Beyond this, people like to create. They want to build something new, craft something with their preferences and identity built into it. This is fantastic. But because community creating is so difficult, your first step in this adventure should be a serious review of the communities which already exist. It is far easier to join an existing community than it is to start a new one. (This does not mean that it is easy to join a community; this can be an ordeal in itself.)
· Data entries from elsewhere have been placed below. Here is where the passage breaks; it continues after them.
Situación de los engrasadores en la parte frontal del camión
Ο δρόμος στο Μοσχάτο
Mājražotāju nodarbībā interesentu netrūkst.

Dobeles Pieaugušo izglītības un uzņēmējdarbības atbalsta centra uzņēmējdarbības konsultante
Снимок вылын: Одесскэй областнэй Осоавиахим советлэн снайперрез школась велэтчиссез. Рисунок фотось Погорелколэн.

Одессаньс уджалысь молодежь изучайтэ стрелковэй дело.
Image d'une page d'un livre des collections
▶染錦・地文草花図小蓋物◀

And even if the community you find is not perfect for you to live in long term, there is a strong case to be made for trying to live in an existing community before you build your own. My own failed thinking might be instructive in demonstrating this point. Before I came to Twin Oaks, I really wanted to start my own activist-oriented community in eastern Europe. I had been fighting Russian-designed nuclear reactors which were being completed by Western companies after the Berlin Wall came down and I was convinced that a community of organizers would be a powerful tool in preventing dirty energy solutions from spreading.
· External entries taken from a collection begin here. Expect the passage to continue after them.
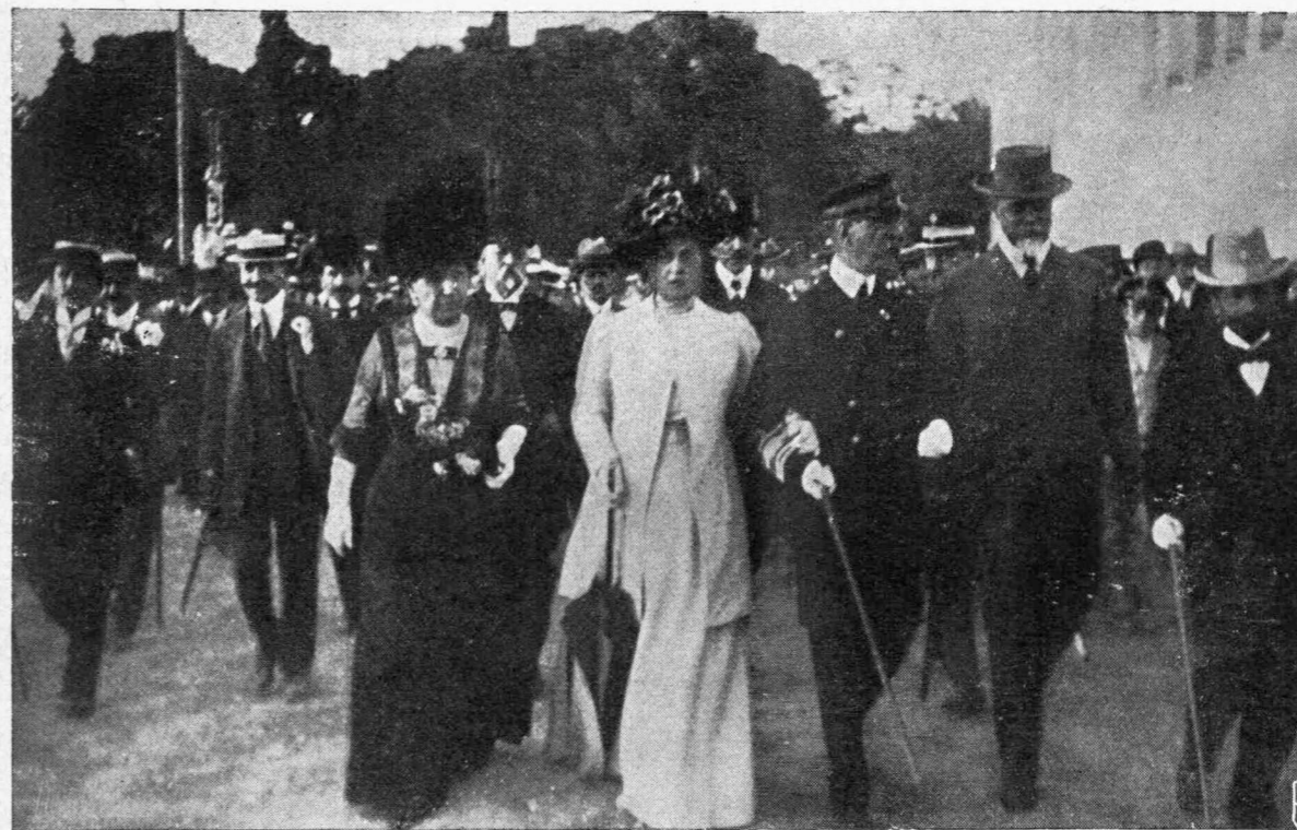
Ἡ ἐορτὴ τῶν Ἀνθῶν εἰς τὸ Ζάππειον

τῆς 8ης Μαΐου, ἡ διοργανωθεῖσα παρὰ τῆς κ. Σοφίας Σηλήμαν καὶ τοῦ δημάρχου κ. Μεροκούρη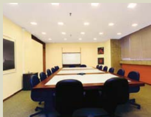
Salas de reunião para 10 e 18 pessoas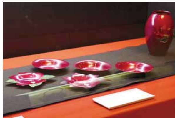
産業史料館企画展「燕 伝説の職人展」 ●4月28日～5月21日 燕市産業史料館

小学生105人、中学生24人が参加するJack&Betty教室。開講式と第1回レッスンが実施され、ほかの学校の友だちや外国人の英語指導助手と楽しく英語のレッスンを受けていました。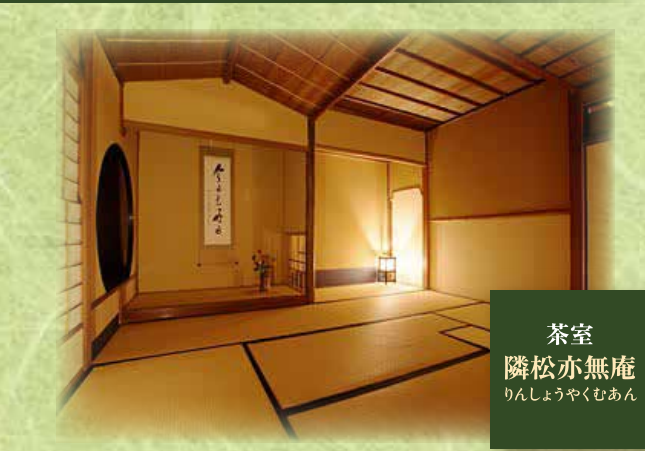
茶室 隣松亦無庵 りんしょうやくむあん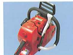
フルラップハンドル (オプション)

I also thought I knew what was critical in making this proposed community succeed. Specifically, one needed to have a good decision-making model and a carefully selected income engine. I guessed at the time that consensus would be the governance solution. I also thought the business should be something that it was easy to train people in, which was not a classical assembly line situation. I visited Twin Oaks nearly 20 years ago now, with a focus on these specific aspects.
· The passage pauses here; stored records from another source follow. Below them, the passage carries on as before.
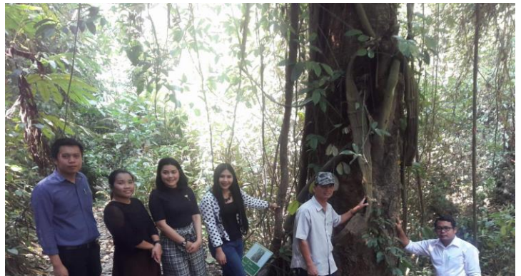
ภาพที่ 2 ป่าชุมชนบ้านป่าซางวิวัฒน์ เป็นป่าที่มีต้นไม้ขนาดใหญ่หลากหลายชนิด รวมไปถึงพืชสมุนไพรต่างๆ ซึ่งได้มีการสำรวจข้อมูลและทำป้ายชื่อพันธุ์ไม้สำหรับผู้ที่สนใจศึกษาและเพื่อเป็นส่วนหนึ่งของการสร้างเส้นทางท่องเที่ยวเชิงนิเวศ

2) การทำแนวกันไฟ พื้นที่ป่าชุมชนบ้านป่าซางวิวัฒน์ที่อยู่ในการดูแลรักษาของผู้นำชุมชนและชาวบ้านภายใต้การส่งเสริมและสนับสนุนจากเทศบาลตำบลนางแล โดยอาสาสมัครป้องกันไฟป่าของชุมชน ทำให้ป่ายังคงความอุดมสมบูรณ์ตลอดทั้งปีและไม่มีปัญหาไฟป่า สิ่งหนึ่งที่เป็นตัวบ่งชี้ให้เห็นว่าพื้นที่ป่าชุมชนบ้านซางวิวัฒน์นั้นไม่ถูกไฟป่าเผาทำลายเหมือนกับพื้นที่อื่นคือ สภาพความอุดมสมบูรณ์ของต้นไม้ที่สูงใหญ่และเขียวชอุ่มตลอดทั้งปี ป้ายชื่อพันธุ์ไม้ที่มีการนำไปปักไว้ใกล้กับต้นไม้ในป่าเพื่อบ่งบอกชื่อพันธุ์ไม้ชนิดต่างๆ ไม่ถูกไปเผาทำลายในห้วงระยะเวลา 4 ปีที่ผ่านมา นอกจากนี้ยังมีระบบการบริหารจัดการไฟป่าโดยศูนย์อาสาป้องกันไฟป่าตำบลนางแล ซึ่งมีการอบรมให้ความรู้เพื่อเตรียมความพร้อมป้องกันและดับไฟป่าแก่ประชาชนในพื้นที่ และทุกครั้งที่มีการขอความร่วมมือในการทำแนวกันไฟก็จะได้รับการตอบรับจากชาวบ้านเป็นอย่างดี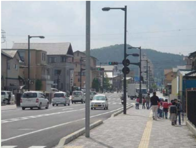
H18.8 (都)古峯原宮通り (下田町工区)完成 (鹿沼市)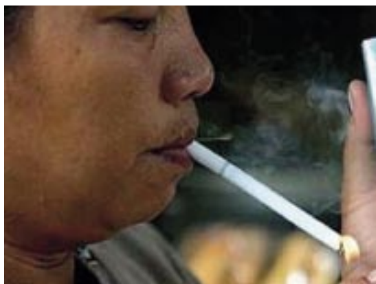
Eno cigatera ali pa cela škatlica na dan je popolnoma enako.

What I found was that I was wrong. Twin Oaks did not use consensus and while I often complain about our decision-making model, it functions reasonably well and there are lots of different models which serve different communities (sociocracy, voting models, charismatic leaders, councils of elders, boards of directors, etc). What I see now is that members being cooperative and flexible, is more critical than what specific decision format you select.
Consensus does have advantages
It also turns out that there are lots of different ways to pay the bills. And while I thought what I was looking for was a well-structured community owned cooperative business, in most cases, new communities don’t have this and the individual members pool income from straight jobs. Businesses which support income sharing communities (the income engines) come in all manner of different shapes and as long as you have some people who are willing to do sales work (often a problem in communities) you have a chance at building a culture around your business and being viable. It also helps tremendously that income sharing communities are very cheap to run because of the high degree of sharing which is happening.
What I did not realize was how central a role internal communication culture and especially managing gossip would play in the survival of communities. This does not come up in most guides on how to start communities. But if you get it wrong, it will be more important than if you selected voting over consensus. Because of the intensity of community living, you need to be able to recover from events where trust gets damaged, or the fabric of your community will likely unravel. This is why some of us spend so much time working on things like Transparency Tools.
I would not have known this if I had not lived in a community. I would have prioritized solving the wrong problems. The lived experience of being in a community will also help you find out what about community living does not work for you. Like it or not, community life will almost certainly push your buttons. Learning this about yourself before you take on the giant task of starting your own community is basically a necessary prerequisite for success.
Having kids in your community is also clever.